The enzyme of the insulin precurosor that comparative example's 3 single stage method are carried out is cut transpeptidation reaction
The insulin precurosor supernatant liquor of Pichi strain secreting, expressing obtains protein powder through preliminary purification (purifying mode is ion-exchange and reversed phase chromatography) freeze-drying.Taking mol ratio is insulin precursor protein lyophilized powder and the tertiary butyl ether threonine tert-butyl ester (Thr (But)-OBut) of 1:200, complete to dissolving by dimethyl sulfoxide (DMSO) (DMSO), add again 1 successively, 4-butyleneglycol, pH is the Tris damping fluid of 6.5 0.5M, wherein the volume ratio of DMSO, 0.5M Tris (pH6.5), BDO is 15:15:70, and the final concentration of insulin precurosor is 5mM.Finally add trypsinase, trypsinase and insulin precurosor mass ratio 1:40, stirring reaction 24h at 25 DEG C, by the HAc termination reaction of the 1.0M of 2 times of volumes, obtains insulin-ester (desB30-Thr (But)-OBut) solution after transpeptidation reaction.What HPLC detected respectively 0h, 10h, 20h and 24h turns peptide efficiency, and wherein the peptide efficiency that turns of 10h, 20h and 24h is respectively 26.7%, 42.7% and 41.8%.

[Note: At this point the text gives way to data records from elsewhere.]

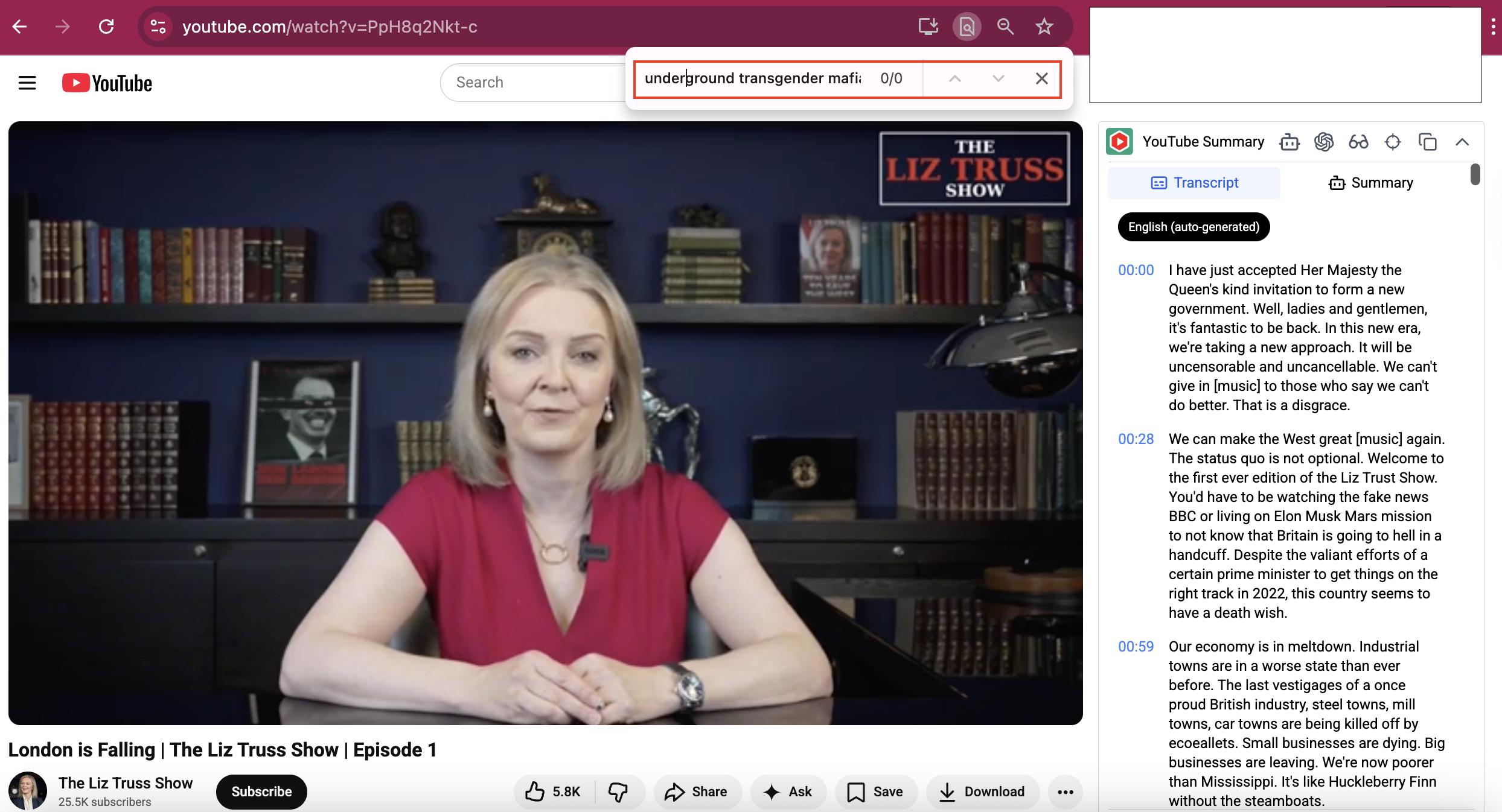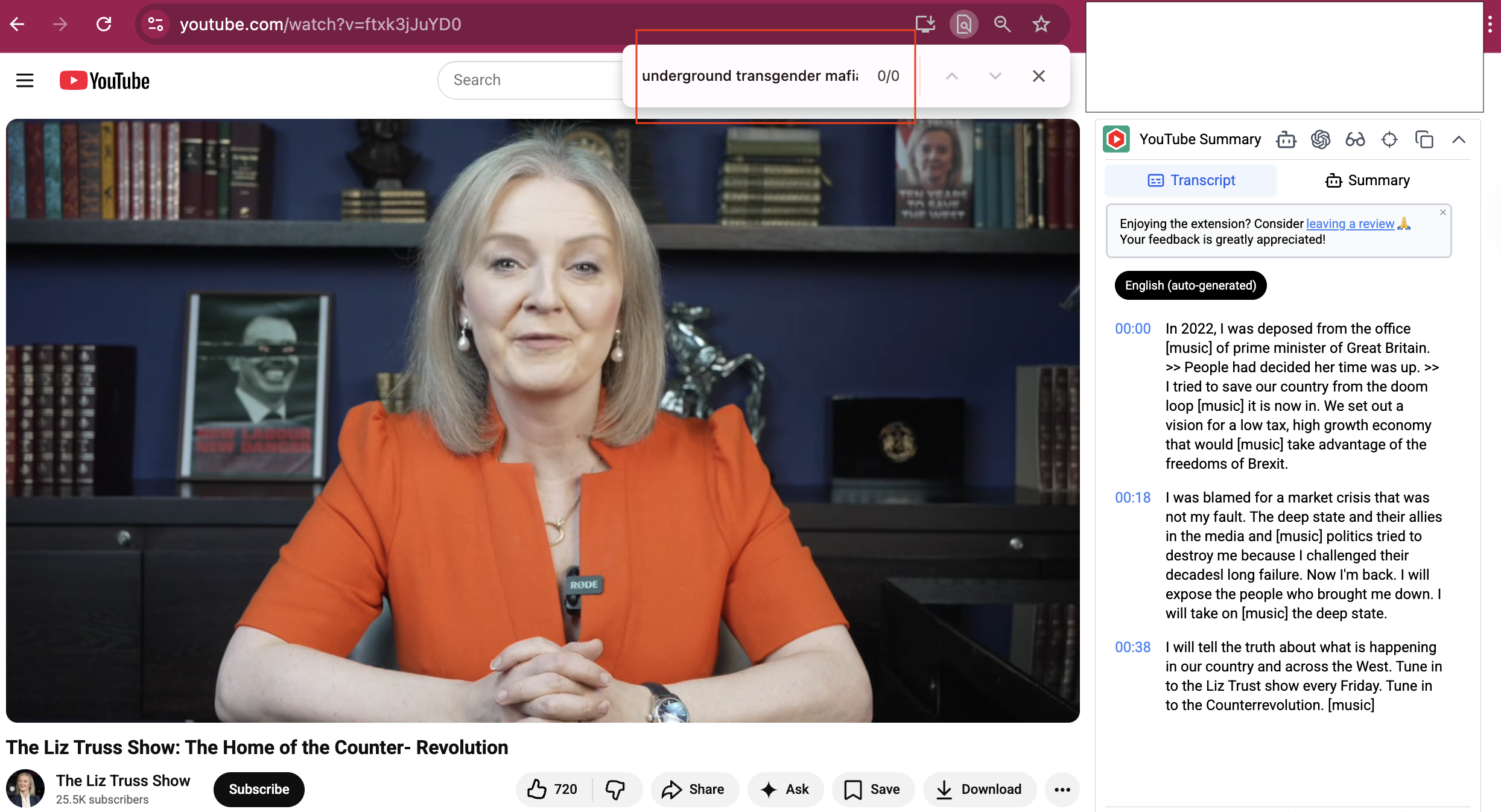 The screenshot that was reused in the post in question predated the chocolate heist by nearly four months. It came from the first episode of the former prime minister's show on YouTube (archived here) uploaded on that platform on December 5, 2025. According to the automatic transcription, she did not say anything about "underground transgender mafia" during the show's inaugural episode:
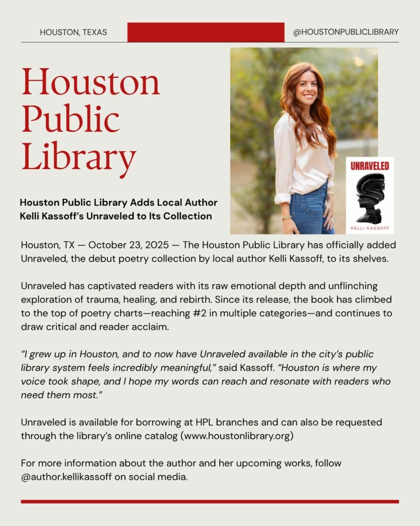 Right now, I’m working on my second book “I Spy A Water Tower”, a collection of emotionally charged nonfiction short stories, and continuing to share my work through readings and events around Texas. In the near term, I have a local book tour to various local book stores, and I am being featured as an author at the Texas Book Festival in November. Recently, I was informed that my book (which recently won two awards and hit the Amazon Bestsellers List) is being sold in London, so I might try to pop over there for an event. Also HUGE for me since I grew up checking out books at the HPL, Unraveled has been added to the Houston Public Library System. I am excited to make my work available to all readers. All of my upcoming events can be found on my Instagram page @author.kellikassoff
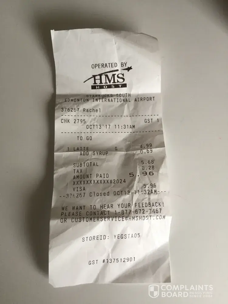 Starbucks starbucks customer service at edmonton airport
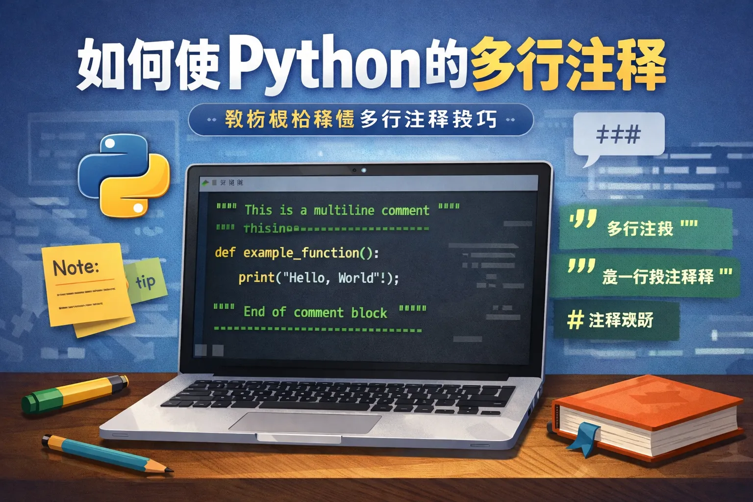 Python没有语法级的多行注释符。实现多行注释的合规方式有两种:用多行“#”书写块注释解释实现;在模块、类、函数的首句使用三引号docstring记录接口语义。未赋值的三引号字符串不应作为注释使用,会带来字节码常量与内存负担。结合PEP 8与PEP 257,使用docstring生成文档、在工程中通过静态检查与协作流程固化规范,可显著提升可读性与维护效率。
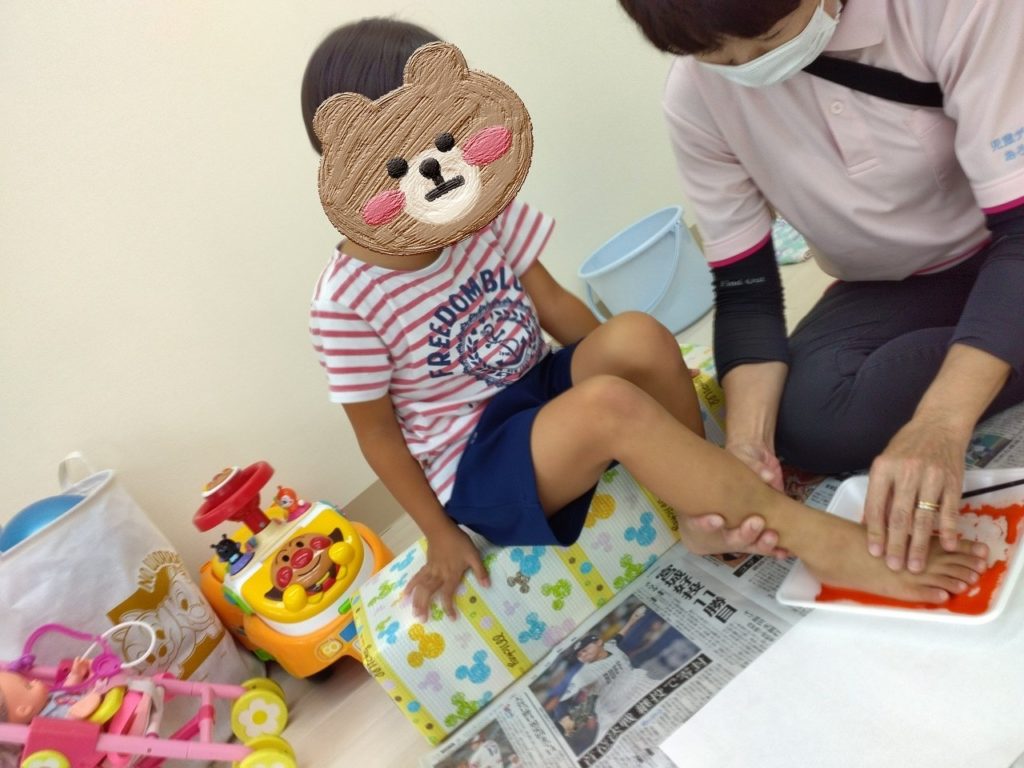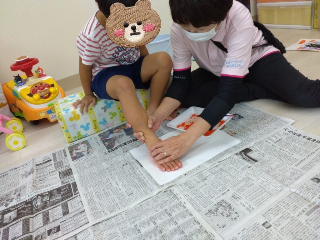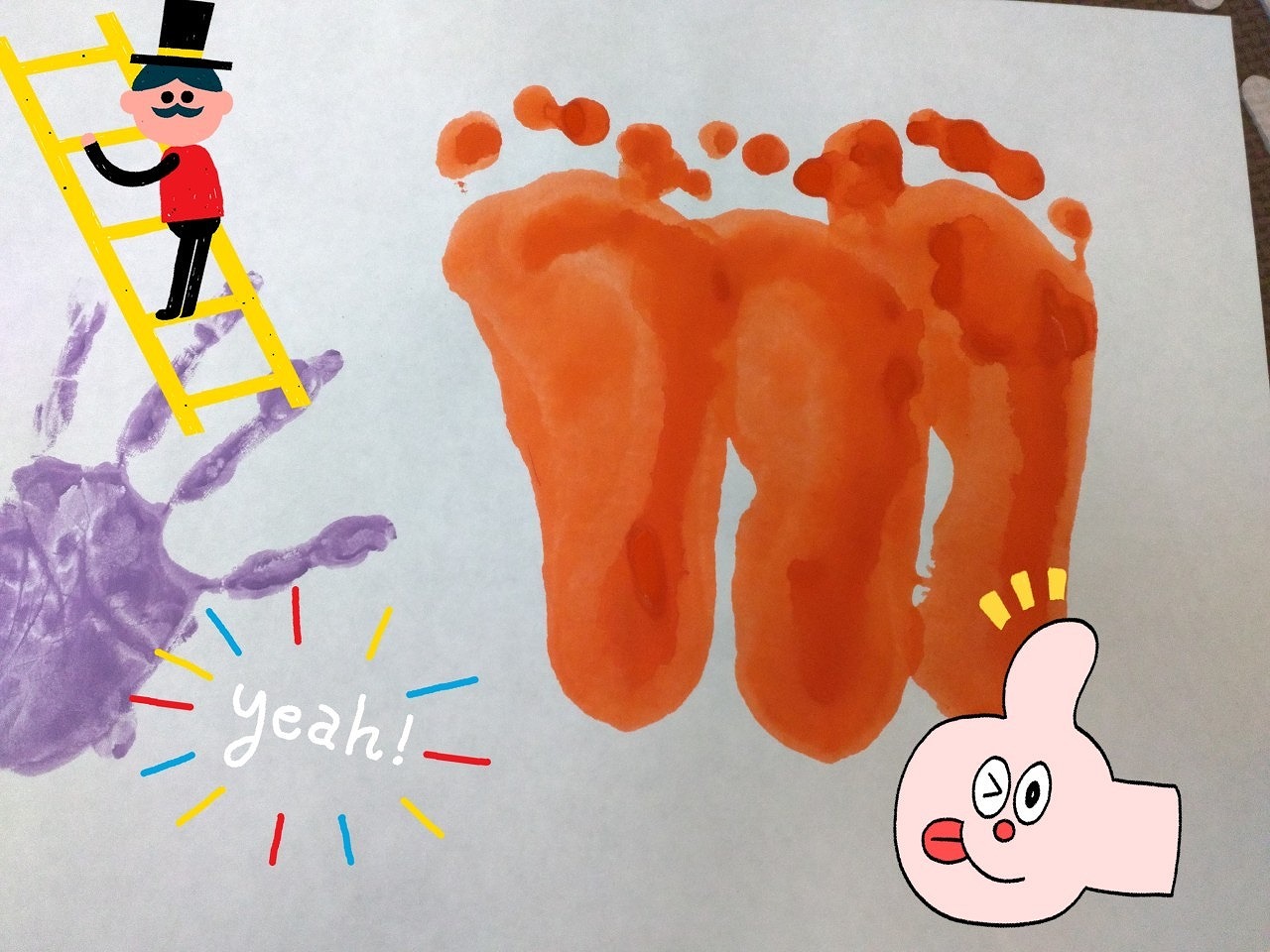 「足をオレンジ色🍊にしてペタペタ、足の形をつけるよ~」と説明をしていると、
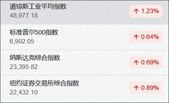 截至当日收盘,道琼斯工业平均指数大涨1.23%,报48977.18点;标准普尔500指数上涨0.64%,报6902.05点;纳斯达克综合指数同样呈现上扬态势,涨幅达0.69%,报23395.82点。此外,纽约证券交易所综合指数也表现不俗,全天上涨0.89%,报22432.10点。
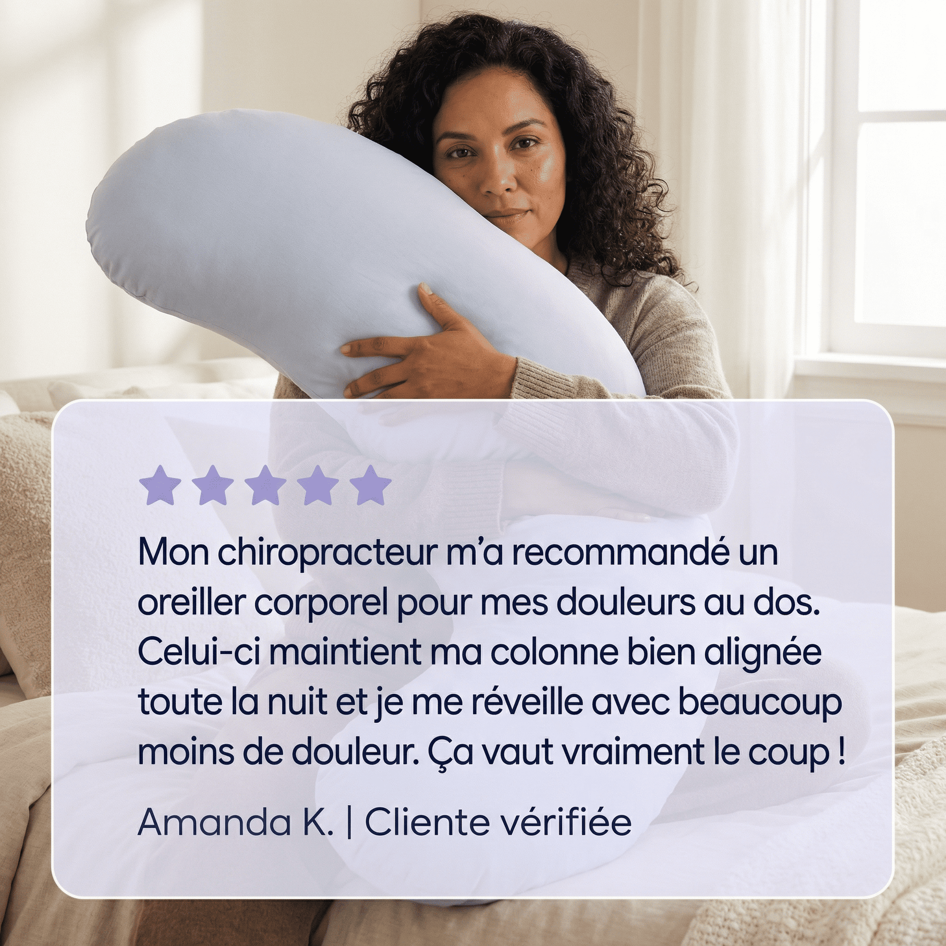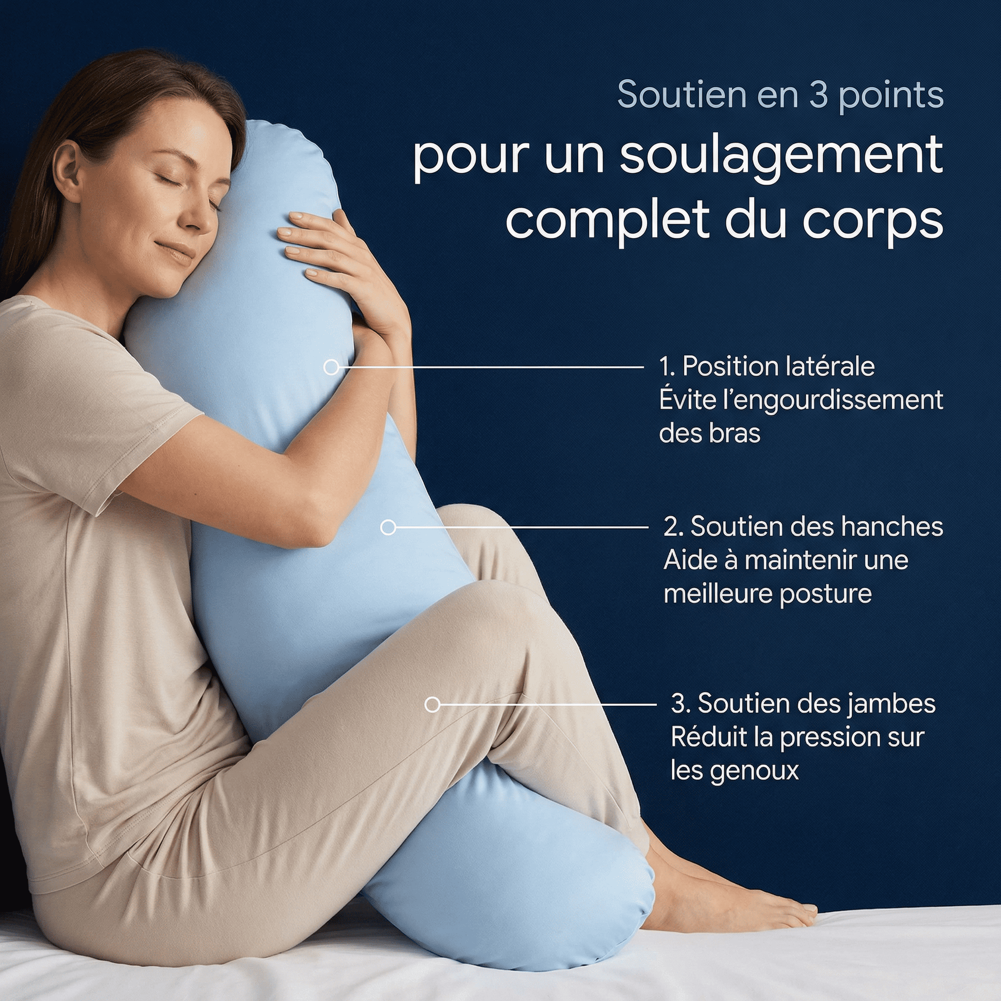 L'Oreiller Corporel Somnola™ cible chaque zone de tension pour un alignement naturel du corps, du coucher jusqu'au réveil.
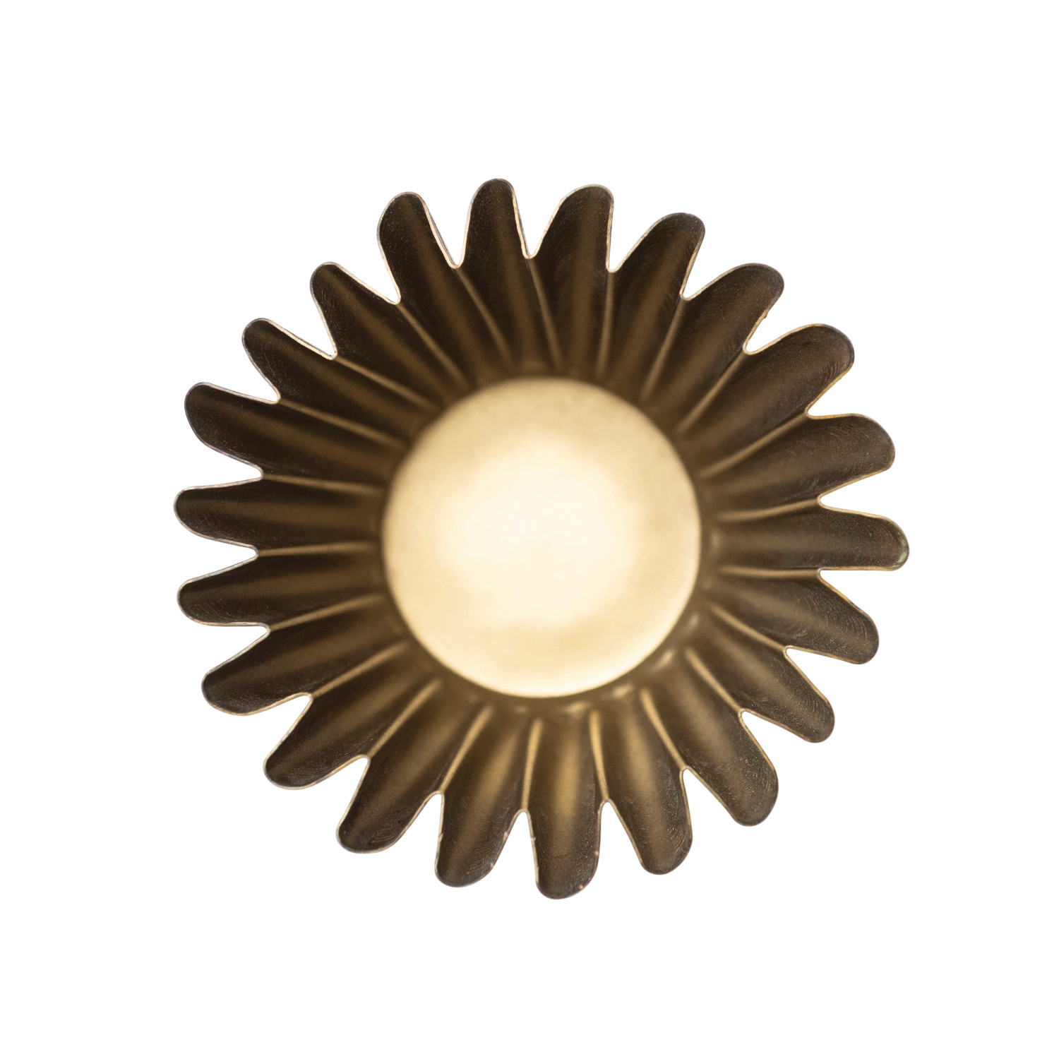 This brass fluted metal planter is a dramatic and striking way to display plants. The planter features a fluted metal surface with a brass finish and a distressed look that adds some glamour and texture to any space. The planter has a pleated silhouette that creates a stunning and unique shape. The planter does not have any drainage holes, so it is suitable for artificial plants or succulents that do not require much water. The planter is made of sturdy and high-quality metal with a brass finish that gives it a warm and shiny appearance. The vase measures 8 inches in diameter, and 6.75 inches tall and can hold a 6-inch pot. This planter is suitable for adding some glamour and texture to any vintage, industrial, or eclectic style décor. A dramatic and striking planter that features a fluted metal surface with a brass finish and a distressed look. Suitable for adding some glamour and texture to the vintage, industrial, or eclectic style décor. The planter does not have any drainage holes, so it is suitable for artificial plants or succulents that do not require much water. Made of metal.

The enzyme of the insulin precurosor that comparative example's 4 single stage method are carried out is cut transpeptidation reaction
The insulin precurosor supernatant liquor of Pichi strain secreting, expressing obtains protein powder through preliminary purification (purifying mode is ion-exchange and reversed phase chromatography) freeze-drying.Taking mol ratio is insulin precursor protein lyophilized powder and the tertiary butyl ether threonine tert-butyl ester (Thr (But)-OBut) of 1:100, complete to dissolving by dimethyl sulfoxide (DMSO) (DMSO), add again 1 successively, 4-butyleneglycol, pH is the Tris damping fluid of 6.5 0.5M, wherein the volume ratio of DMSO, 0.5M Tris (pH6.5), BDO is 15:15:70, and the final concentration of insulin precurosor is 8mM.Finally add trypsinase, trypsinase and insulin precurosor mass ratio 1:30, stirring reaction 24h at 25 DEG C, by the HAc termination reaction of the 1.0M of 2 times of volumes, obtains insulin-ester (desB30-Thr (But)-OBut) solution after transpeptidation reaction.What HPLC detected respectively 0h, 10h, 20h and 24h turns peptide efficiency, and wherein the peptide efficiency that turns of 10h, 20h and 24h is respectively 27.8%, 43.4% and 41.7%.